Cennetin farklı yorumları
Antik Çağ'da ve Orta Çağ'da olduğu gibi cennetin tanımında ve kavramsallaşmasında Ortodoks Hristiyanlıktan ayrılan bakış açıları vardı. Örneğin, birçok dini muhalif, özellikle Catharlar, bunun, bu dünyaya ait olmayan Cennetin Krallığı olduğuna inanıyordu. Cennetin fiziksel coğrafi sınırları olmadığına inanıyorlardı. Gördüğümüz gökyüzü onun kabı olamaz. Sadece başka bir dünyanın varlığının, Tanrı'nın gerçek yaratılışının bir hatırlatıcısı olabilir. Görünen göklerin de yeryüzü gibi farklı bir başlangıç tarafından yaratıldığına inanıyorlardı. Bu nedenle, onların bakış açısına göre, Evanjelist Yuhanna, bir kişi dünyayı severse, o zaman Tanrı'ya düşman olur der. Onlar, doğruluğun barındığı yeni bir dünya ve yeni bir cennet olacağı söylenen Aziz Petrus'un Mektubuna göre Cennetteki Kudüs'ü temsil ettiler. Onlara göre insanın düşüşü, şeytanın aldatması veya şiddeti nedeniyle cennetten bu dünyaya gitmesiyle ilişkilendirildi. Bu nedenle insanlar hakka, Allah'ın yarattıklarına dönmelidir. Ortodoks ve sapkın Hıristiyanlık arasındaki temel fark budur. Muhalif anlayışta cennet, bir zamanlar kovulduğumuz, ancak geri dönebileceğimiz yer, “cennet vatanımız”dır. Catharlar, bir kişinindoğası gereği bir melektir. Cennet onun ikamet yeridir. Bu dünyada farkında olmadan yaşıyor. Ama Mesih ona kurtuluş yolunu gösterdi. İnsan, emirleri takip ederek ve onları yerine getirerek sonsuz yaşama kavuşma ve cennete dönme fırsatına sahip olur.

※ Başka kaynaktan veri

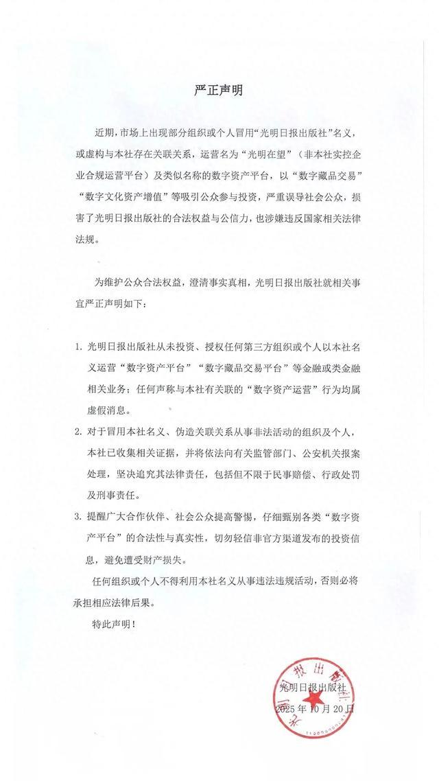 近期,市场上出现部分组织或个人冒用“光明日报出版社”名义,或虚构与本社存在关联关系,运营名为“光明在望”(非本社实控企业合规运营平台)及类似名称的数字资产平台,以“数字藏品交易”“数字文化资产增值”等吸引公众参与投资,严重误导社会公众,损害了光明日报出版社的合法权益与公信力,也涉嫌违反国家相关法律法规。

Doğru olanın mutlu mevcudiyetiyle ilgili modern dini fikirler, genellikle somut olmaktan çok semboliktir. Bazı Protestan akımlar genellikle cennet ve ahiret kavramını reddederken, diğerleri ise tam tersine cenneti anavatanlarına dönüş olarak algılayarak Katharizm'e yaklaşmışlardır.